Keep track of datasets used in a project.
Provide a simple and straightforward way to keep track of datasets downloaded from the web.
Currently Datasets supports download from a set of URLs suited for repositories like PANGEA or ZENODO, as well as git-based repositories such as github. Support for more remote repositories will be added along the way as necessary.
It provides declarative functions to register and download datasets, as well as a way to write to and read from an equivalent (and optional) toml
config file.
This package is not registerd, so you need to install it from URL:
using Pkg
Pkg.add(url="https://github.com/awi-esc/Datasets.jl")
Here is the most straightforward use, e.g. in a datasets.toml
file:
[herzschuh2023]
downloads = ["https://doi.pangaea.de/10.1594/PANGAEA.930512?format=zip"]
doi = "10.1594/PANGAEA.930512"
[jonkers2024]
downloads = ["https://download.pangaea.de/dataset/962852/files/LGM_foraminifera_assemblages_20240110.csv"]
doi = "10.1594/PANGAEA.962852"
[tierney2020]
remote = "[email protected]:jesstierney/lgmDA.git"
And read via the Datasets.read
function, download via download_dataset
or download_datasets
using DataFrames
using Datasets
db = Datasets.read("datasets.yml"; datasets_path=expanduser("~/datasets"))
folder = download_dataset(db, "jonkers2024") # will download only if not present
df = CSV.read(joinpath(folder, "LGM_foraminifera_assemblages_20240110.csv"), DataFrame)
Examples of the declarative syntax
using Datasets
db = Database(datasets_path="datasets") # the default
register_dataset(db, "herzschuh2023"; doi="10.1594/PANGAEA.930512",
downloads=["https://doi.pangaea.de/10.1594/PANGAEA.930512?format=zip"],
)
register_dataset(db, "jonkers2024"; doi="10.1594/PANGAEA.962852",
downloads=["https://download.pangaea.de/dataset/962852/files/LGM_foraminifera_assemblages_20240110.csv"],
)
register_repository(db, "[email protected]:jesstierney/lgmDA.git"; name="tierney2020")
println(db)
yields:
Database:
- herzschuh2023 => 10.1594/PANGAEA.930512
- jonkers2024 => 10.1594/PANGAEA.962852
- tierney2020 => [email protected]:jesstierney/lgmDA.git
datasets_path: datasets
To be completed. But basically
println(repr(db))
yields
Database(
datasets=Dict(
herzschuh2023 => DatasetEntry(doi="10.1594/PANGAEA.930512"...),
jonkers2024 => DatasetEntry(doi="10.1594/PANGAEA.962852"...),
tierney2020 => RepositoryEntry(remote="[email protected]:jesstierney/lgmDA.git"...),
),
datasets_path="datasets"
)
It seems there are quite a few tools to help project and data management. What I stumbled upon includes Dr Watson, DataToolKit.jl and RemoteFiles.jl. RemoteFiles.jl does not provide enough documentation for me to judge at this stage. Dr Watson aims at assisting with all aspects of how to organize files in a scientific project, including running simulations etc, and as such it has a broader scope than Datasets.jl. DataToolKit.jl is the only package I actually tried. What I can say is it is impressive because it merges apparent simplicity of use depth of functionality. I'd say if Datasets.jl ever attempts to get past the download and on-disk management of datasets, with things like actual data loaders including lazy loading of web ressources, it should probably stop right there and use DataToolKits instead.

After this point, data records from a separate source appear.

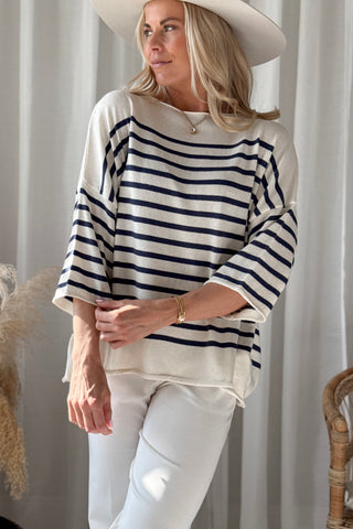 Marine neule, valkoinen / navy raita
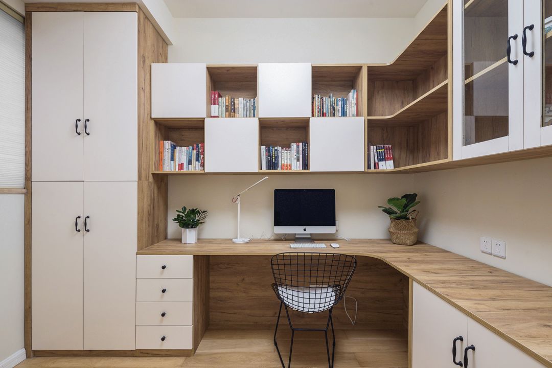 书房没有窗户,本来设计成杂物间,但业主喜欢阅读,平时工作需要,小孩子也需要这样的空间,所以设计成了书房。
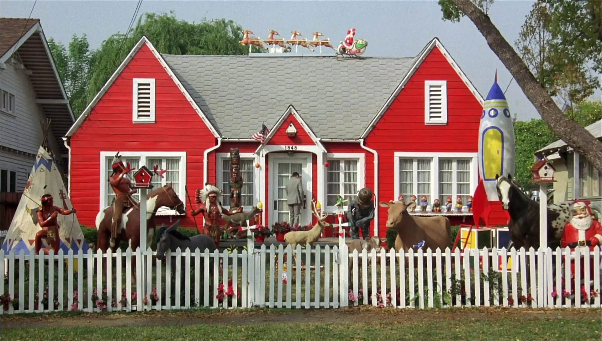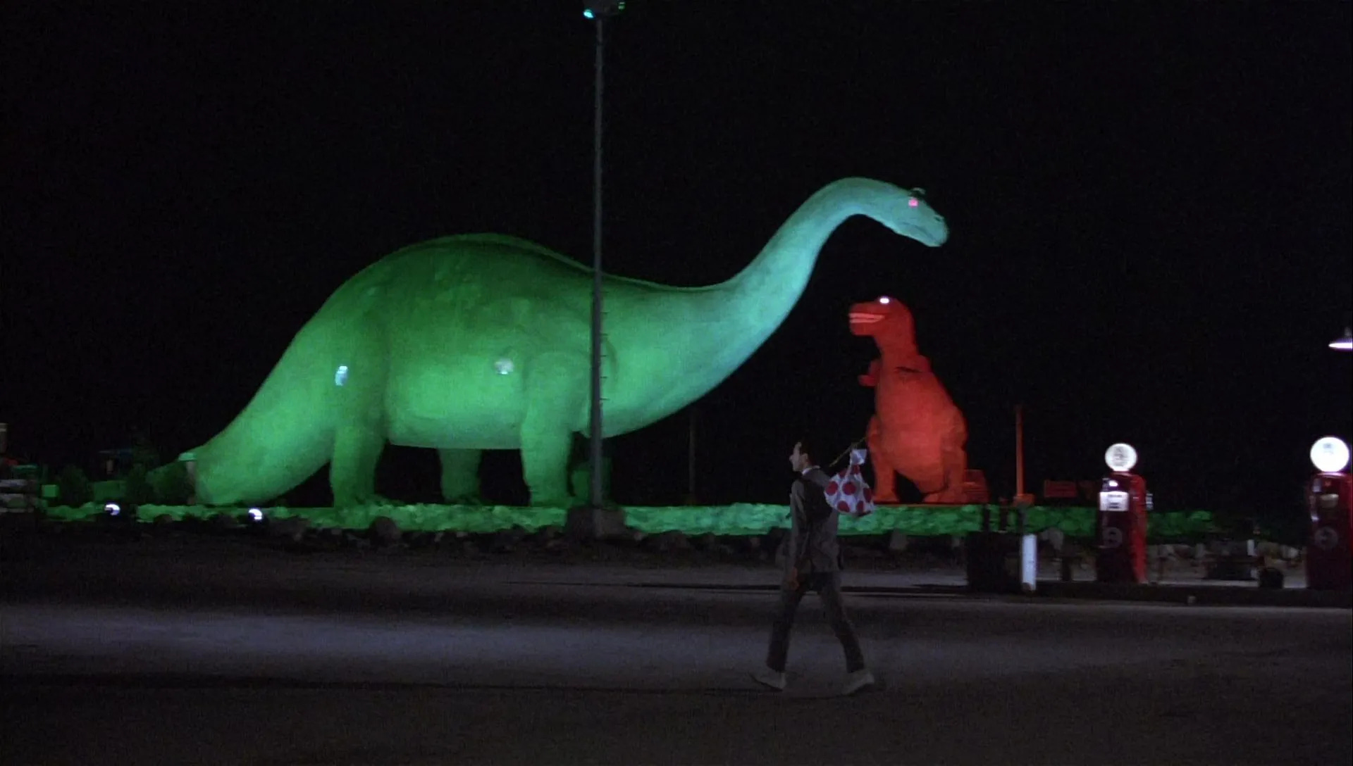 Pee-wee’s Big Adventure commenced filming in January 1985 in Los Angeles. The exteriors for Pee-wee’s house were grabbed in South Pasadena, and those for Francis’ house at the Ahmanson Mansion, a Tudor-style estate in Hancock Park. The scene of the crime was filmed at the outdoor Santa Monica Mall, before it was remodeled as Third Street Promenade and when it still had a F.W. Woolworth. The truck stop was a real location: the Wheel Inn Restaurant in Cabazon, the diner and its two dinosaur statues standing until 2016. The Alamo interiors were spoofed at Mission San Fernando Rey de España in Mission Hills. The Warner Bros. backlot played itself. The finale was shot at the Studio Drive-In in Culver City, closed in 1993 and bulldozed five years later. Interiors were filmed on stages at Warner Bros at the same time The Goonies (1985) was in production on the massive Stage 16. A closed set, Pee-wee Herman’s popularity among the adolescent cast gave him a pass to visit (while Paul Reubens would use his own name for his writing credit, Pee-wee Herman was credited as playing “Himself”).

What made me publish this package instead of just relying on DataTookKit.jl is the KISS principle (Keep It Simple & Stupid). I dislike the idea of having data loaders included as this massively overburdens the core functionality (keep track of things), and examples provided in DataToolKit to clean-up datasets were not convincing to me: too much is kept hidden with ugly meta @syntax
mixed in the config files, were normal functions could do the job. Also I found it not straightforward to use the files as they are downloaded (thinking about a zip file that contained CSV data in need of custom loading) and it was not immediately clear to me how to store files on disk (it might be possible though!). Anyway, the DataToolKit.jl project is very good and has a dedicated main developer giving talks and it will evolve and you should check it out! For now though, Datasets.jl is so simple and tiny that it can be useful for whoever wants to follow the KISS principle.